*** Opening Source data ***

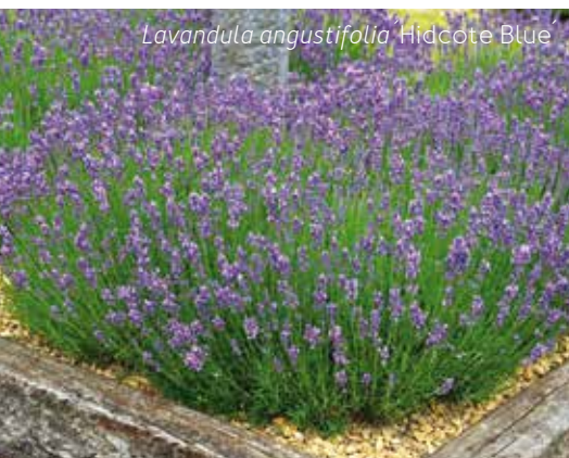
Lavandula angustifolia 'Hidcote Blue'

virů a bakterií, ale levandule už se cíleně používala k tomu, aby chránila lidi před nebezpečnými nemocemi. Možná k tomu v mnoha ohledech pomohla náhoda, ale nesnižuje to význam této jedinečné rostliny. Lidé, kteří pracovali v dílnách na výrobu rukavic, používali
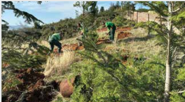
Το ελατοδάσος είναι στην περιοχή του Τριάδιου.
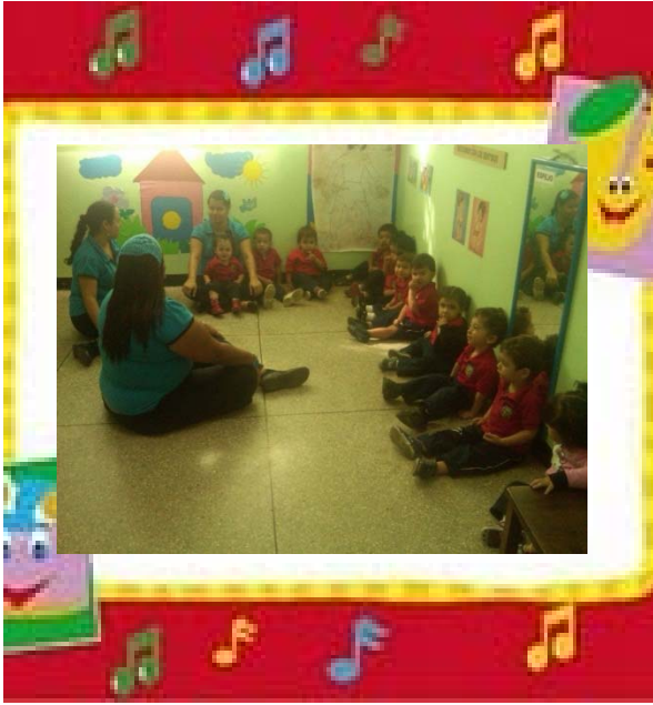
Foto 1. Momento de la ronda de canciones
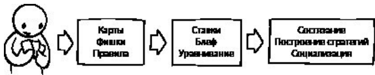
Иллюстрация 1.1. Пример покера
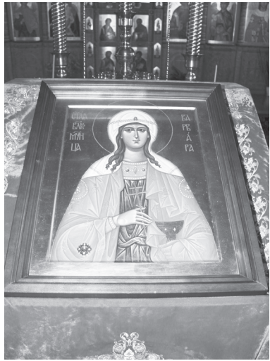
Икона святой великомученицы Варвары.

Икона святой великомученицы Варвары с её мощами теперь украшает храм Серафима Саровского в г.Полысаево. Это произошло благодаря инициативе и поддержке руководства угольной компании «Полысаевская».
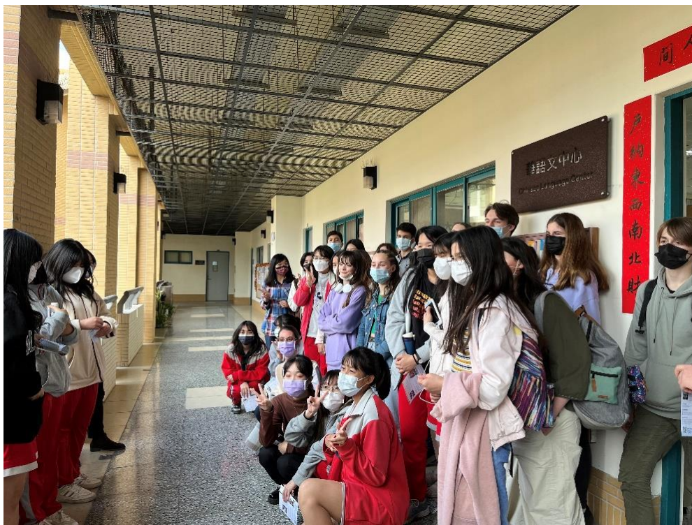
▲法國布列塔尼中學參訪接待
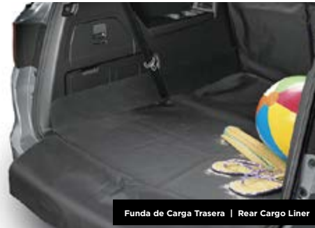
Funda de Carga Trasera | Rear Cargo Liner
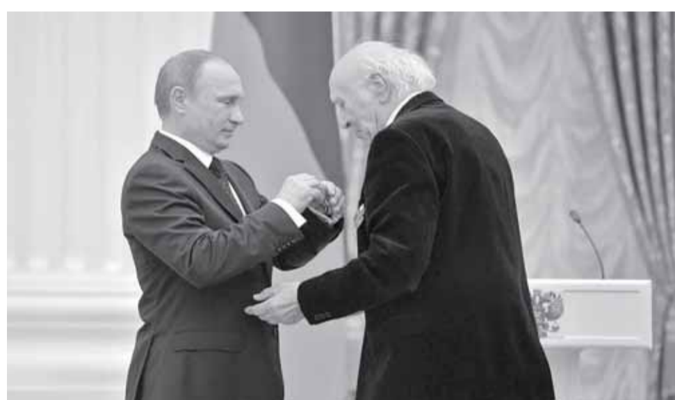
В. Путин награждает В. Балашова «Орденом Почета»

В.Б. — Я встречался с президентом трижды. Но мы никогда не говорили с ним о политике. В последний раз минут 15 разговаривали по телевизору, но потом из этой передачи много вырезали. Путин тогда подарил мне каминные часы, запечатанные, с его посланием. Но я расскажу вам о прошлогодней встрече, когда я получал из рук нашего президента орден. Я видел, как все выходили на трибуну, благодарили правительство, как раньше благодарили КПСС, говорили, что будет все хорошо и прекрасно... А я сижу думаю: зачем я буду говорить, что все хорошо и прекрасно? Выхожу я на трибуну и говорю: «Дорогие друзья, все хорошо, сегодня звучало, были произнесены хорошие добрые слова. Позвольте мне тоже сказать добрые слова. Владимир Владимирович, прекрасные добрые слова, которые слышала вся наша страна, каждый день, с утра до вечера, были такими: «Внимание: говорит Москва. Работают все
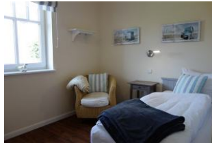
Ein Schlafzimmer im Erdgeschoß mit Einzelbett, Kleiderschrank. Nicht im Bild, das TV - Gerät.
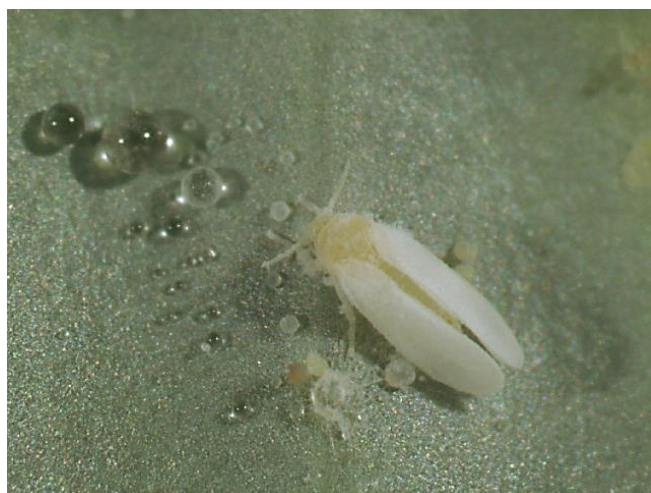
図3 タバコナジラミ成虫

成虫の体長は0.8mm程度、体色は淡黄色で白色の羽をもつ。オンシツコナジラミと比較するとやや小型で体色がやや濃い(図3)。蛹は長さ0.8mm～1.0mmで全体が淡黄色、楕円形で背面がやや隆起する(図4)。
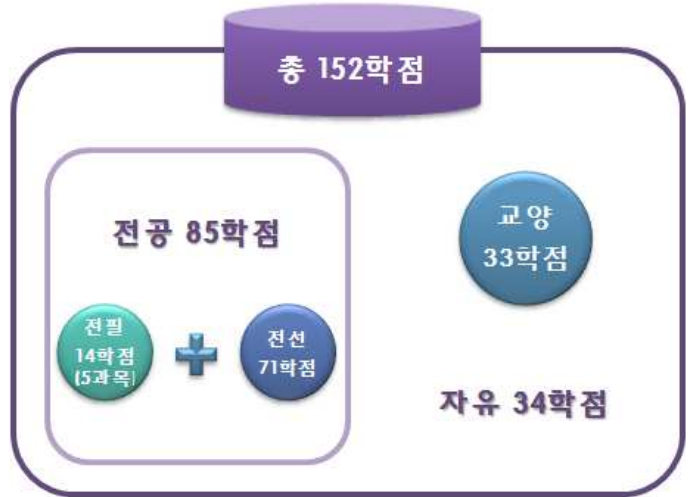
[그림 10] '예시 2'의 총학점 구성도
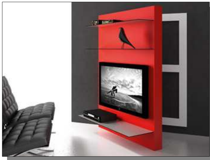
Il porta TV girevole di "Gamma of Venice"
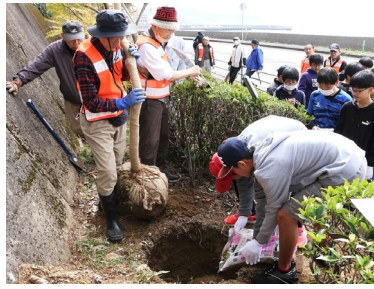
掘った穴にポラス土を入れる
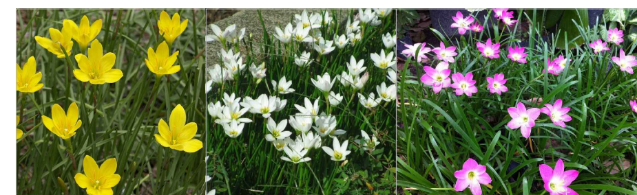
AMARELO BRANCA ROSA
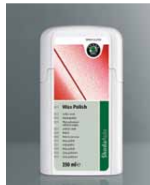
Wosk ochronno-nabłyszczający. Pojemność 250 ml (HAO 096 009)

*** Closing Source data ***

Exercise. Go through the listing above and write it all out exactly, leaving out any picture.

Exercise response.
Lavandula angustifolia 'Hidcote Blue'

virů a bakterií, ale levandule už se cíleně používala k tomu, aby chránila lidi před nebezpečnými nemocemi. Možná k tomu v mnoha ohledech pomohla náhoda, ale nesnižuje to význam této jedinečné rostliny. Lidé, kteří pracovali v dílnách na výrobu rukavic, používali
Το ελατοδάσος είναι στην περιοχή του Τριάδιου.
Foto 1. Momento de la ronda de canciones
Иллюстрация 1.1. Пример покера
Икона святой великомученицы Варвары.

Икона святой великомученицы Варвары с её мощами теперь украшает храм Серафима Саровского в г.Полысаево. Это произошло благодаря инициативе и поддержке руководства угольной компании «Полысаевская».
▲法國布列塔尼中學參訪接待
Funda de Carga Trasera | Rear Cargo Liner
В. Путин награждает В. Балашова «Орденом Почета»

В.Б. — Я встречался с президентом трижды. Но мы никогда не говорили с ним о политике. В последний раз минут 15 разговаривали по телевизору, но потом из этой передачи много вырезали. Путин тогда подарил мне каминные часы, запечатанные, с его посланием. Но я расскажу вам о прошлогодней встрече, когда я получал из рук нашего президента орден. Я видел, как все выходили на трибуну, благодарили правительство, как раньше благодарили КПСС, говорили, что будет все хорошо и прекрасно... А я сижу думаю: зачем я буду говорить, что все хорошо и прекрасно? Выхожу я на трибуну и говорю: «Дорогие друзья, все хорошо, сегодня звучало, были произнесены хорошие добрые слова. Позвольте мне тоже сказать добрые слова. Владимир Владимирович, прекрасные добрые слова, которые слышала вся наша страна, каждый день, с утра до вечера, были такими: «Внимание: говорит Москва. Работают все
Ein Schlafzimmer im Erdgeschoß mit Einzelbett, Kleiderschrank. Nicht im Bild, das TV - Gerät.
図3 タバコナジラミ成虫

成虫の体長は0.8mm程度、体色は淡黄色で白色の羽をもつ。オンシツコナジラミと比較するとやや小型で体色がやや濃い(図3)。蛹は長さ0.8mm～1.0mmで全体が淡黄色、楕円形で背面がやや隆起する(図4)。
[그림 10] '예시 2'의 총학점 구성도
Il porta TV girevole di "Gamma of Venice"
掘った穴にポラス土を入れる
AMARELO BRANCA ROSA
Wosk ochronno-nabłyszczający. Pojemność 250 ml (HAO 096 009)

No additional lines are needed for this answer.